# I can't fight this anymore.



## ssacres (Sep 29, 2012)

I get up every day and fight to find joy. I love my girls that I have right now but I am nobody without my Allie Bean. I am lost and I feel alone. I wonder why she is gone and I want so bad to be with her. My little girl and the love of my life. I have nothing without her. I smell her, I see her beautiful eyes looking at me and I miss everything about her. I will never be the same person without my girl. My heart is so broken. I can't do this life without her. Just cannot get through this loss. I see her grave and I cannot believe my girl is laying there in the ground.
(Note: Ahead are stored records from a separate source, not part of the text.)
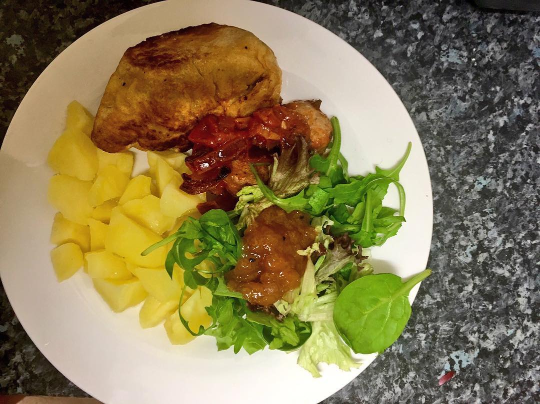 A #homemade fried meatball pie, meatballs, potato chunks and salad with mango chutney #cooking
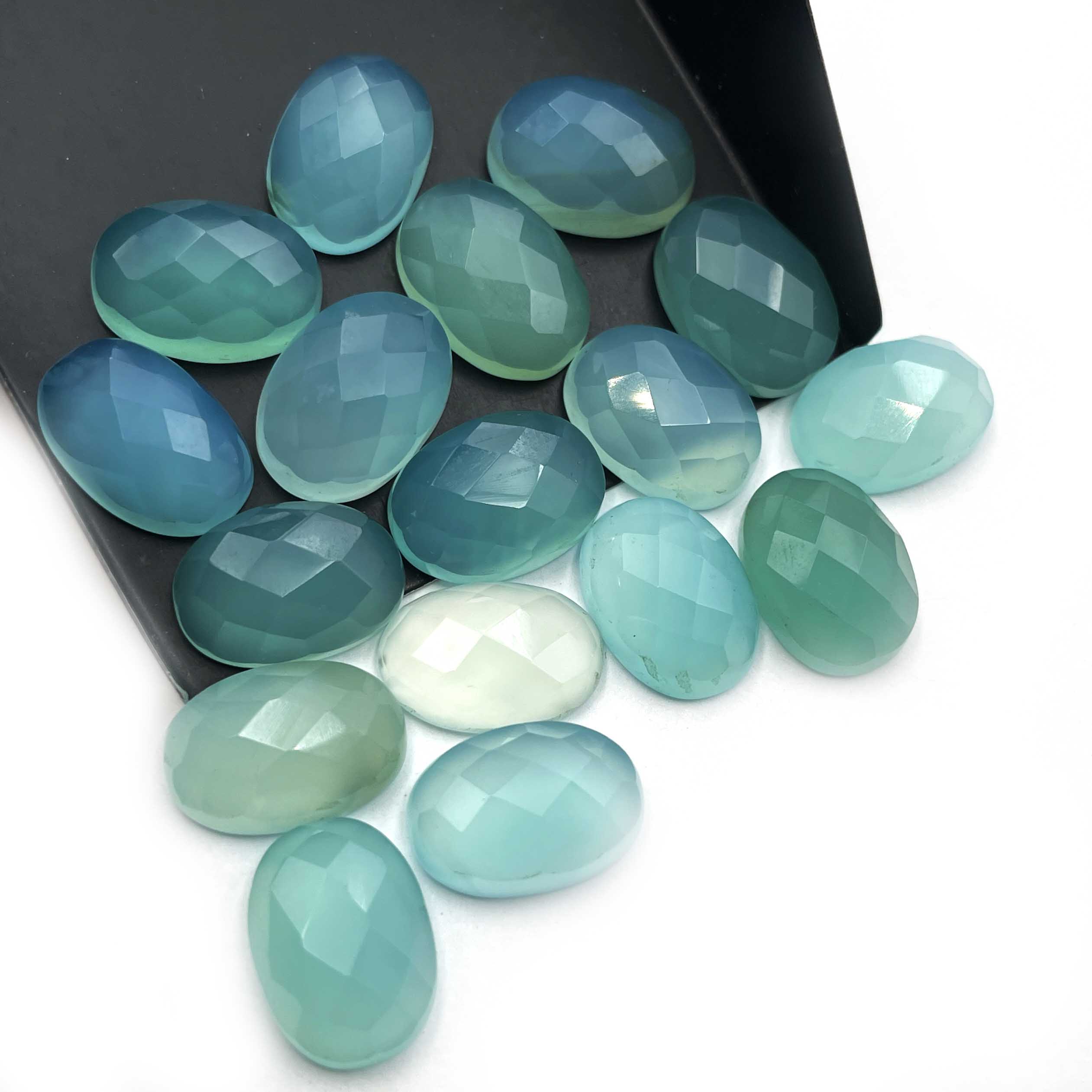Home Chalcedony Natural Chalcedony Oval Checker Loose Gemstone Lot 17 Pcs 10*14 MM 98 CT
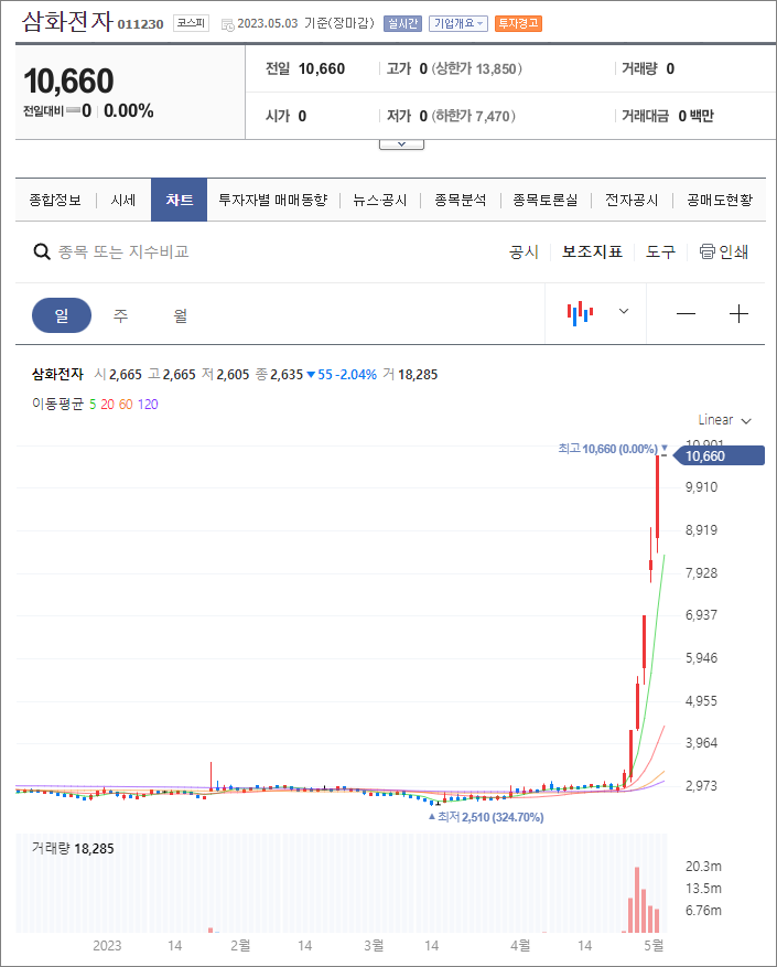 삼화전자 주가 장중 상한가, 테슬라 페라이트 사용 기대감에 연일 급등
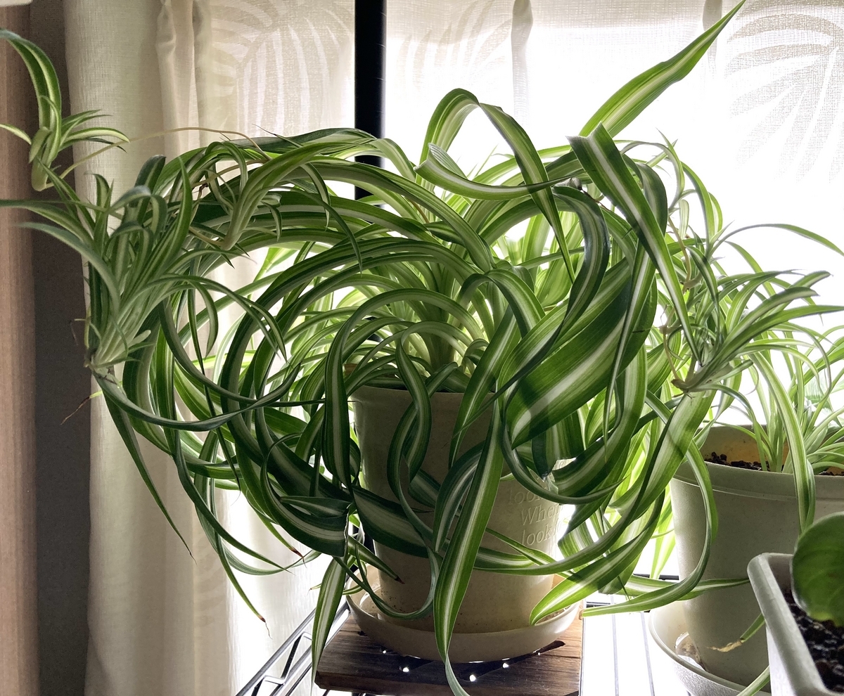 母が友人からボニーの子株をたくさんもらってきたので、おすそ分けしてもらいました。前々から欲しかったんです!オリヅルランにパーマをかけたようなカールのかかった葉が可愛い!大きくなると一層おしゃれなんですよね。
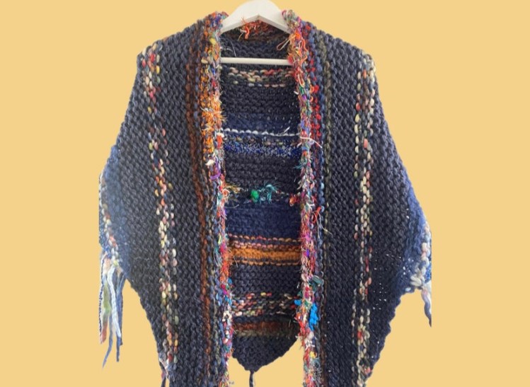 - Approx 300g super chunky or chunky yarn leftovers. There are no rules about how much of each yarn colour or type to use. Just knit freely, changing colours when you wish. My shawl uses different types of yarn. It includes pure wool, acrylic super chunky yarn, and regular chunky yarns. Additionally, it has some artisan handspun yarn. I used super chunky, chunky and even a small amount of aran worsted yarn to make my shawl. The differing thicknesses and textures are what gave it the charm and boho look. You can add fashion yarns like eyelash to your shawl knitting project if you like.

Just feel like I have no fight left in me to do this.


----------



## gold4me (Mar 12, 2006)

I wish I could give you a hug. There are no other feelings of grief than what you are feeling for you sweet girl. There is just no way to get through it but one minute at a time. The only thing you can do is talk to us - we understand. But we NEED you here. My thoughts and prayers are going to you.


----------



## Bentleysmom (Aug 11, 2012)

I too would love to send you a hug! I've been there, I understand. Words don't help. The only thing I could hold onto at the time was knowing how much it bothered my buddy when I was upset, he knew and felt it so I decided I had to be strong and fight my way through it to honor his memory. Hang tight, Allie would hate for you to be so sad ♥


----------



## jealous1 (Dec 7, 2007)

I am so sorry you are going through such a difficult time right now. I have known that helpless feeling and wondering if you will ever be able to love another quite the way you loved a heart dog. The only advice I can give you is to allow yourself to grieve but know that while time right now seems to be an enemy it will be your friend and slowly dull the pain you are feeling so sharply right now. One day, your memories of Allie Bean will comfort you rather than bring tears--she would want that for you.


----------



## Buddy's mom forever (Jun 23, 2011)

Please do not fight so hard, be gentle to yourself. I know it is not easy I am with you. Learn how to enjoy what you have. There are many days that I think I would be better off there with my Buddy than here. But my family needs me here, as your family and your girls need you. There are more for us to learn and give. It is just temporary separation, we will be together with them again.
Hugs.


----------



## ssacres (Sep 29, 2012)

I am fighting so hard not to let my two beautiful girls see how sad I am. I know they feel it and that hurts me. I guess working in the back yard and seeing Allies grave just got me going. Yet I will say I am not the person I was and I do not know if I can ever be the same without Allie. She was my life. I will soon be 60 and wonder what I have to offer this sweet puppy I have. I don't have much to give her but love. Cronic fatigue and puppies do not go together. Yet I try to give her every ounce of energy I have. What was I thinking? She makes me happy but can I give her the best life she should have. I sure hope so..


----------



## goldensmum (Oct 23, 2007)

If only we could wave a magic wand and it would take away our hurt and pain at having had to let our much loved ones go - but then it may also take away our happy memories of our lives together and that would hurt just as much.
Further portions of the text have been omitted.